## Task requirements
Your response should be an exact transcription of the data, images excluded.

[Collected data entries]
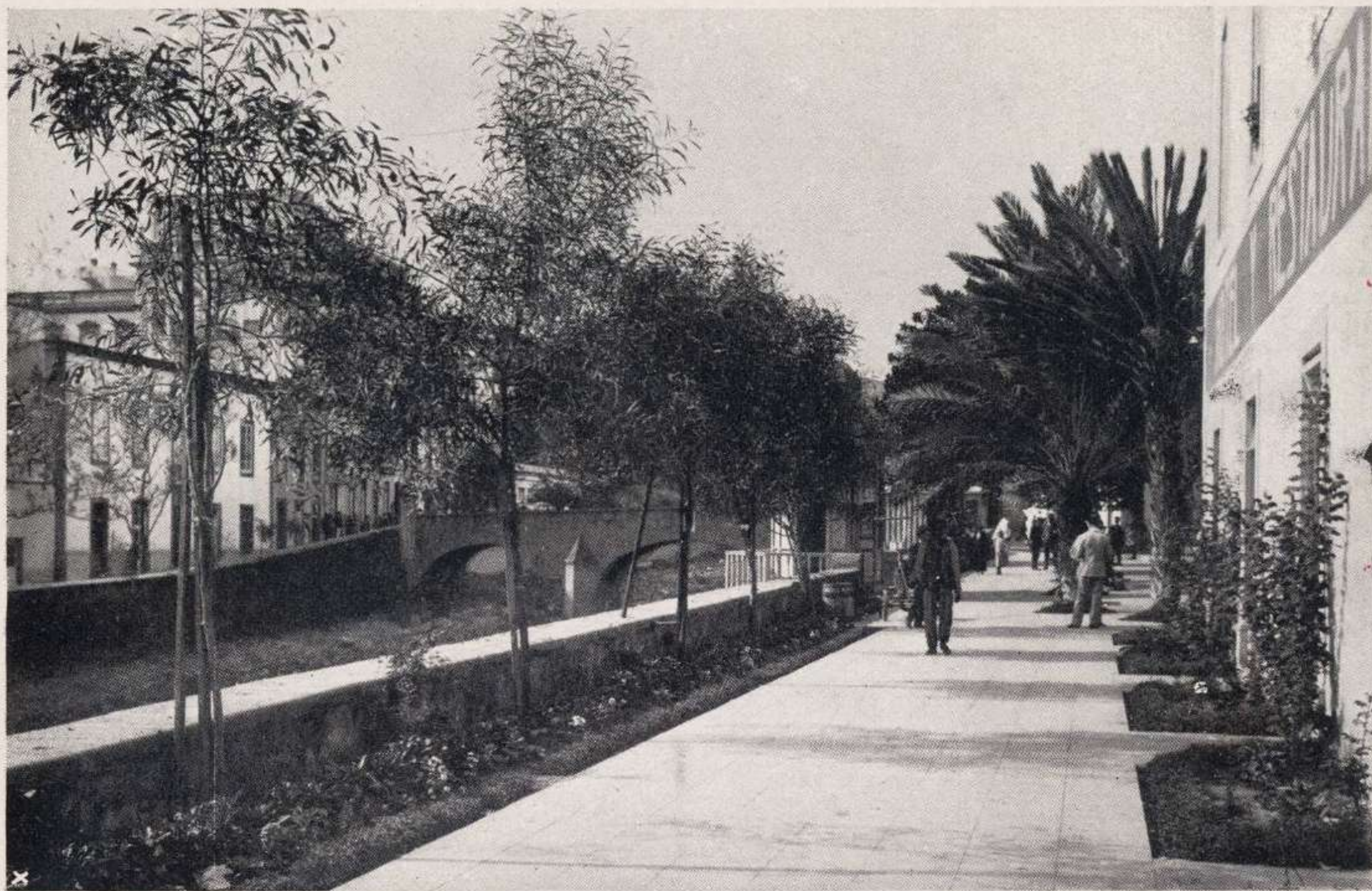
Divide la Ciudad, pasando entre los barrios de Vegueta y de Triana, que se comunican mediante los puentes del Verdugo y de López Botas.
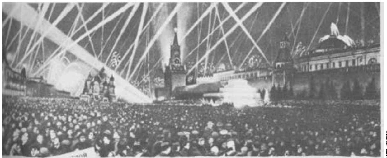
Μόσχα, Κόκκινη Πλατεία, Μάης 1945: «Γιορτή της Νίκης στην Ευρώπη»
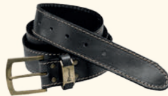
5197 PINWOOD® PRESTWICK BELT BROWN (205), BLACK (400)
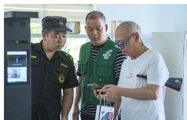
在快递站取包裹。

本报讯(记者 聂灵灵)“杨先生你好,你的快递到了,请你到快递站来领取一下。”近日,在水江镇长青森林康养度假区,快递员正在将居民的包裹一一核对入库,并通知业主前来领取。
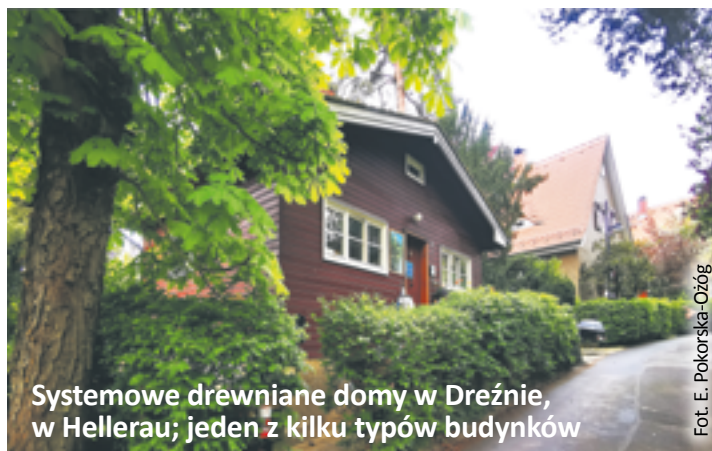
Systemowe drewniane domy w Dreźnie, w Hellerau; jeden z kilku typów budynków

## Result of the exercise
Divide la Ciudad, pasando entre los barrios de Vegueta y de Triana, que se comunican mediante los puentes del Verdugo y de López Botas.
Μόσχα, Κόκκινη Πλατεία, Μάης 1945: «Γιορτή της Νίκης στην Ευρώπη»
5197 PINWOOD® PRESTWICK BELT BROWN (205), BLACK (400)
在快递站取包裹。

本报讯(记者 聂灵灵)“杨先生你好,你的快递到了,请你到快递站来领取一下。”近日,在水江镇长青森林康养度假区,快递员正在将居民的包裹一一核对入库,并通知业主前来领取。
Systemowe drewniane domy w Dreźnie, w Hellerau; jeden z kilku typów budynków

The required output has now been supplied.